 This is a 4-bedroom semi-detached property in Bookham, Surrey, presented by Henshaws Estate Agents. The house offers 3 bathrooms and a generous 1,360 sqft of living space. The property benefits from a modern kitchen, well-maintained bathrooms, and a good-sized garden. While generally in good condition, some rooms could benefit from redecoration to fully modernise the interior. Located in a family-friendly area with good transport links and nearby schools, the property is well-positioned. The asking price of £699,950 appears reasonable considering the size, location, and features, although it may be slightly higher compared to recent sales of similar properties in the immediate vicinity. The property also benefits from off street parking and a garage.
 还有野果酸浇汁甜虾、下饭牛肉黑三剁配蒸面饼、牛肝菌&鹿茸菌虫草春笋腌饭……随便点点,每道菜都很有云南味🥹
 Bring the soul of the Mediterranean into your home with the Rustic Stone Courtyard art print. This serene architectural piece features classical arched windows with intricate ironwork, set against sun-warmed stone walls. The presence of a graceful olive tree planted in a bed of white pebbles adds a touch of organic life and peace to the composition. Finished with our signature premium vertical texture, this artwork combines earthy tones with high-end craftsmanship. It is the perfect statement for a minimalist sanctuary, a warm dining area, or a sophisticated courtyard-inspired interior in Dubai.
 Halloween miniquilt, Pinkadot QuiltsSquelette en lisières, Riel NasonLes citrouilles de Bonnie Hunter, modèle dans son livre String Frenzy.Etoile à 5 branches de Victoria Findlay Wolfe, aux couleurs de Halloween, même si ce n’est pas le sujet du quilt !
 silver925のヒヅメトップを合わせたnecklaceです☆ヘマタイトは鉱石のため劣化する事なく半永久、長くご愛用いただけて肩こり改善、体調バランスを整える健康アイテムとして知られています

——

> Action item
Set out, exactly as written, the lines from the line with "Bring the soul" to the last line of the records, inclusive, and only those lines.

> Solution to the problem
 Bring the soul of the Mediterranean into your home with the Rustic Stone Courtyard art print. This serene architectural piece features classical arched windows with intricate ironwork, set against sun-warmed stone walls. The presence of a graceful olive tree planted in a bed of white pebbles adds a touch of organic life and peace to the composition. Finished with our signature premium vertical texture, this artwork combines earthy tones with high-end craftsmanship. It is the perfect statement for a minimalist sanctuary, a warm dining area, or a sophisticated courtyard-inspired interior in Dubai.
 Halloween miniquilt, Pinkadot QuiltsSquelette en lisières, Riel NasonLes citrouilles de Bonnie Hunter, modèle dans son livre String Frenzy.Etoile à 5 branches de Victoria Findlay Wolfe, aux couleurs de Halloween, même si ce n’est pas le sujet du quilt !
 silver925のヒヅメトップを合わせたnecklaceです☆ヘマタイトは鉱石のため劣化する事なく半永久、長くご愛用いただけて肩こり改善、体調バランスを整える健康アイテムとして知られています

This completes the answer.